Allí, cerró la puerta y se apoyó sobre ella para evitar que nadie entrase. Yo era un corderito, y seguía sujetándome con firmeza por la muñeca. Con la mano libre, me desabrochó el pantalón con una maestría insuperable, y me sujetó la polla en su mano. Si os digo que se me puso dura a la velocidad de la luz, quizás me quede corto. Se me paró la respiración, la circulación sanguínea y hasta el tiempo. Aquellas manos eran como meter la polla en un tazón de nada. Frescas y suaves. Y ella me sujetaba la polla con firmeza sin apartarme la mirada de los ojos. Me miraba directamente con aquella mirada que te decía que todo lo que decía lo decía tan en serio como podía hablar una persona en este mundo. Y yo solo podía derretirme, porque mi hija tenía mi polla en su mano. Que delicia. Que momento tan maravilloso.

“Cuando no estén ellas…ven a mi habitación…y hazme lo que quieras”

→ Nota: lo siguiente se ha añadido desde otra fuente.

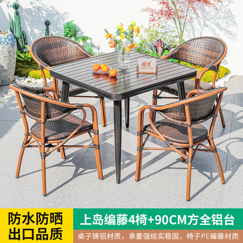 • 등나무로 엮은 섬 의자 4개 + 90cm 정사각형 전체 알루미늄 테이블
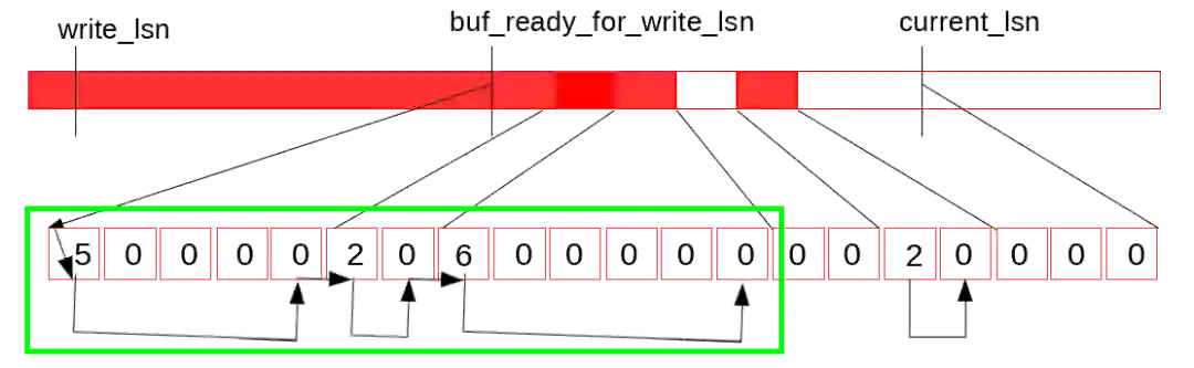 link_buf是一个循环使用的数组,对每个lsn取模可以得到其在link_buf上的一个槽位,在这个槽位中记录REDO长度。另外一个线程从开始遍历这个link_buf,通过槽位中的长度可以找到这条REDO的结尾位置,一直遍历到下一位置为0的位置,可以认为之后的REDO有空洞,而之前已经连续,这个位置叫做link_buf的tail。下面看看log_writer和众多mtr是如何利用这个link_buf数据结构的。这里的这个link_buf为log.recent_written,如下图所示:
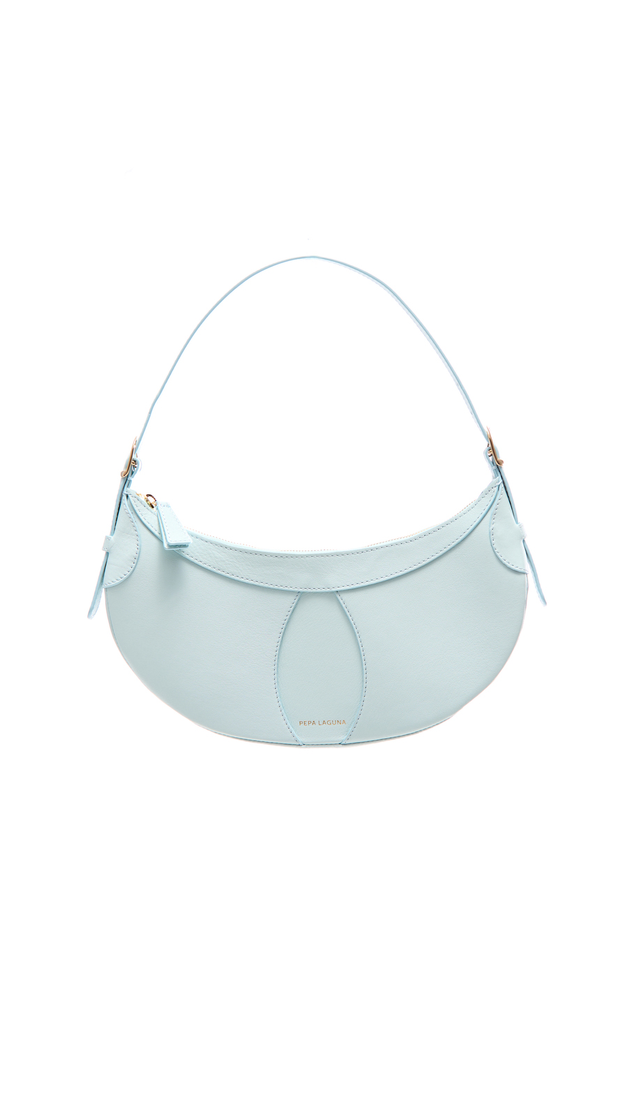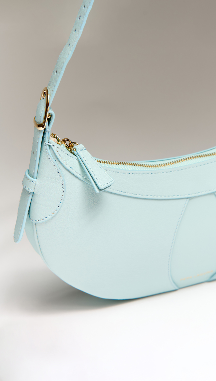 En color Celeste, su diseño semicircular y su asa ajustable lo convierten en un accesorio versátil, ideal para acompañarte en todos tus planes tanto de día como de noche. Su interior forrado en algodón 100 % incluye un bolsillo tipo sobre, pensado para una organización práctica.
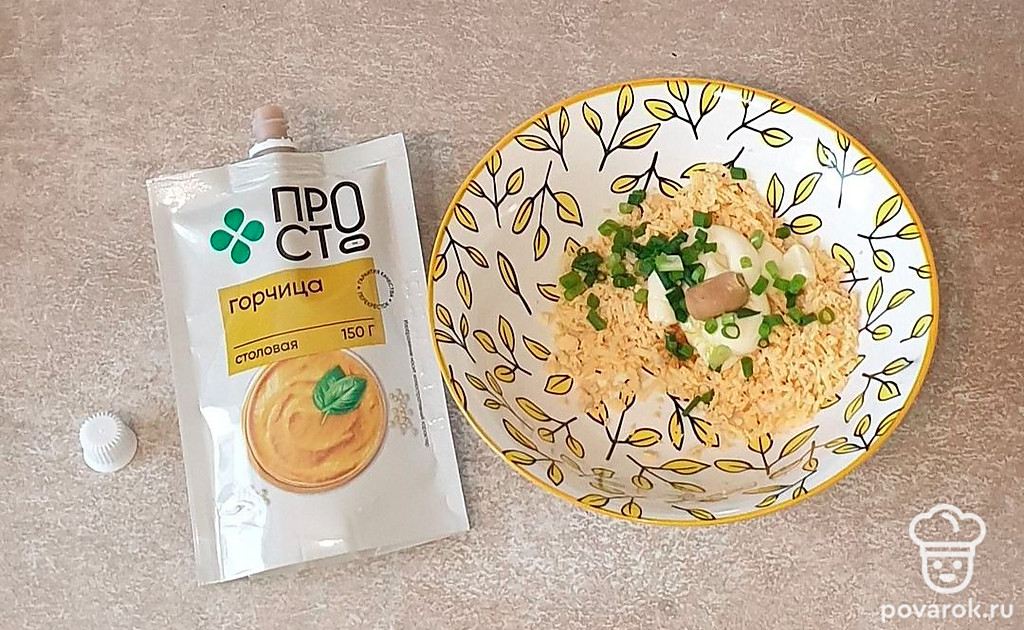 В глубокую миску натрите на мелкой терке желток. Всыпьте соль и перец. Добавьте мед, майонез, зеленый лук и горчицу. Хорошо все перемешайте.
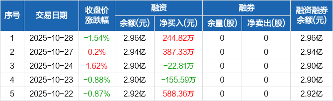 融资方面,当日融资买入2900.56万元,融资偿还2655.74万元,融资净买入244.82万元。融券方面,融券卖出0股,融券偿还0股,融券余量0股,融券余额0元。融资融券余额合计2.96亿元。
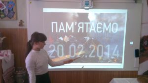 20.02.2018 року в нашому закладі освіти відбулися заходи, присвячені Дню Героїв Небесної Сотні, щорічне відзначення якого, прописано в Указі Президента України Петра Порошенка «Про увічнення подвигу учасників Революції гідності та увічнення пам’яті героїв Небесної сотні».Цей день є символом вшанування відваги, сили духу та стійкості громадян, які віддали своє життя під час Революції гідності (листопад 2013 – лютий 2014 р.), захищаючи ідеали демократії, відстоюючи права і свободи людини, європейське майбутнє України. Аби діти знали та поважали сучасних Героїв, для них цього дня було організовано перегляд документального фільму “Зима, що нас змінила”, проведено виховні години “Герої не вмирають” та “Слава відважним”. Учні 6-Б класу разом із вчителем історії Мочаліною А.О. підготували тематичні презентації, у яких старанно та з почуттям глибокої поваги розповідали про Героїв Небесної Сотні…На уроці-пам’яті “Гідність понад усе” учні 9-А класу переглядали тематичну хроніку та декламували вірш Оксани Максимишин-Корабель “Мамо, не плач.Я повернуся весною…” Жоден учень цього дня не залишився байдужим до пам’яті про тих, хто віддавши свій найцінніший скарб – життя, подарував надію на світле майбутнє новим поколінням незламного і непохитного українського народу…
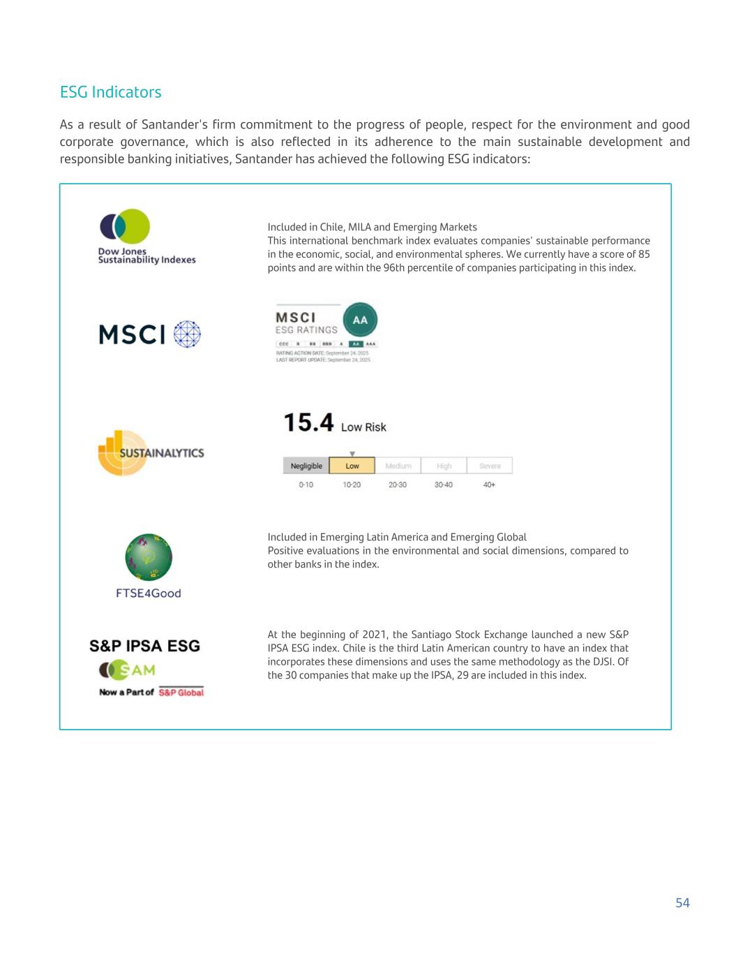 ESG Indicators As a result of Santander's firm commitment to the progress of people, respect for the environment and good corporate governance, which is also reflected in its adherence to the main sustainable development and responsible banking initiatives, Santander has achieved the following ESG indicators: Included in Chile, MILA and Emerging Markets This international benchmark index evaluates companies' sustainable performance in the economic, social, and environmental spheres. We currently have a score of 85 points and are within the 96th percentile of companies participating in this index. Included in Emerging Latin America and Emerging Global Positive evaluations in the environmental and social dimensions, compared to other banks in the index. At the beginning of 2021, the Santiago Stock Exchange launched a new S&P IPSA ESG index. Chile is the third Latin American country to have an index that incorporates these dimensions and uses the same methodology as the DJSI. Of the 30 companies that make up the IPSA, 29 are included in this index. 54
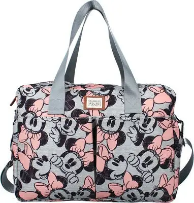 Elegant, beige Cuddles All Day stelleveske fra Disney Minni Mus, med et romslig rom med praktiske lommer. Den har lommer foran og et gripevennlig håndtak. Stellevesken har en stilren, tidløs design. Perfekt som en praktisk stelleveske, eller som en trendy hverdagsveske.
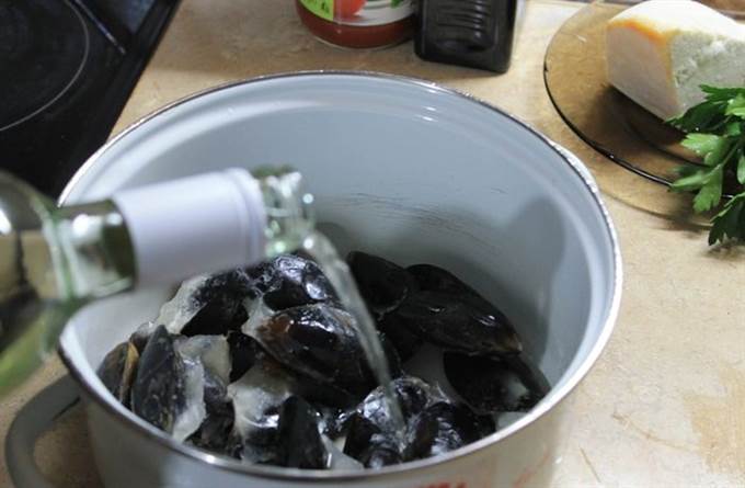 Мидии не размораживая, положите в кастрюлю, добавьте немного белого вина и на большом огне доведите до кипения. Как только мидии раскроются, можно снять с огня. На это вам потребуется 3 — 4 минуты времени.
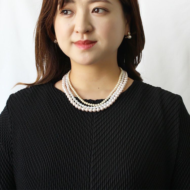 マジョルカパールマルチカラー三連ショートネックレス
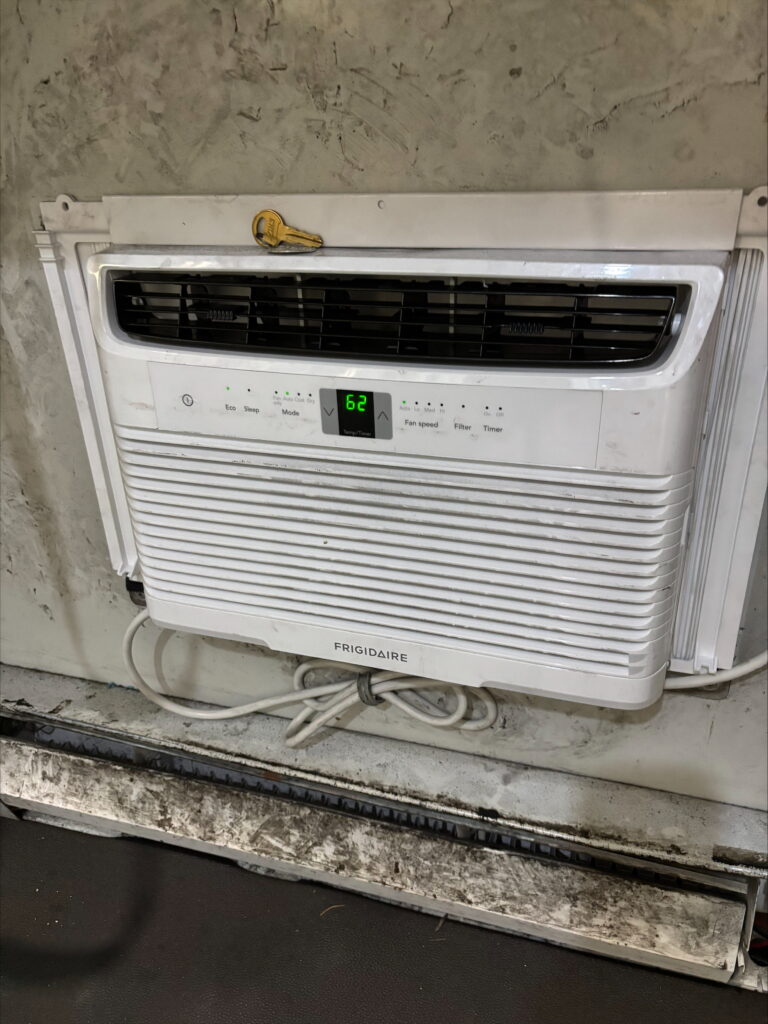 Security guard Emilio Valentin (left) said he’s thankful for the new air conditioner.

No podía ser verdad. No podía ser verdad tanta felicidad. Hubiese llorado de alegría. Durante unos segundos no supe que decir, pero al final me acerqué a ella y volví a lanzar mis garras sedientas de inocencia contra sus cachetes, sin que ella me soltase la muñeca…ni la polla.

Apreté codicioso aquel culo delicioso con el que tanto había soñado. Y aunque era obvio y ella era lista, quise que lo supiese. Necesitaba oírmelo decir. Necesitaba que ello lo oyese.

“Quiero tu culo”

Ella callaba, pero dejó caer su cabecita sobre mi hombro, y notaba su respiración que silbaba entre la nota del miedo y la de la rendición.

“Quiero ser el primero. Y el único. Y que luego me lo reserves a mí. A tu papi. Para siempre.”

Lo amasaba con mas fuerza, y su mano temblaba sobre mi polla. O era mi polla la que temblaba. Y era maravilloso.

“Dímelo. Dime que seré el primero. Que seré el único. Que este culo sólo será para mí, o no quiero que vuelvas a entrar en mi habitación”.

Las dos notas de su respiración vibraban todavía más fuerte.

“Me dijiste que ella no podía darme lo que tú. Que sólo tú podías darme lo que yo necesitaba. Te necesito a ti. Necesito tu culo. O me volveré loco. Podría morir si no te tengo”

Su respiración la asfixia.

“Dímelo”

El ritmo decrece.

Mi culo es para mi papi. Es para ti. Será sólo para ti. Claro que serás el primero. Y el único. Aunque nunca quieras volver a hacerme el amor por ahí, yo lo guardaré siempre para ti. No dejaré que nadie entre por ahí, por donde entrará mi papi. Mañana ellas tienen que ir al médico temprano. Te estaré esperando”

Y dándome un beso en la mejilla soltó su presa, por lo que yo entendí que debía soltar la mía.

Y salió de la habitación.

Entendí que no debía salir yo tampoco. Habría sido indigno enrollarme con la pequeña en la despensa después de aquello.

Sobre todo porque no quería violarla.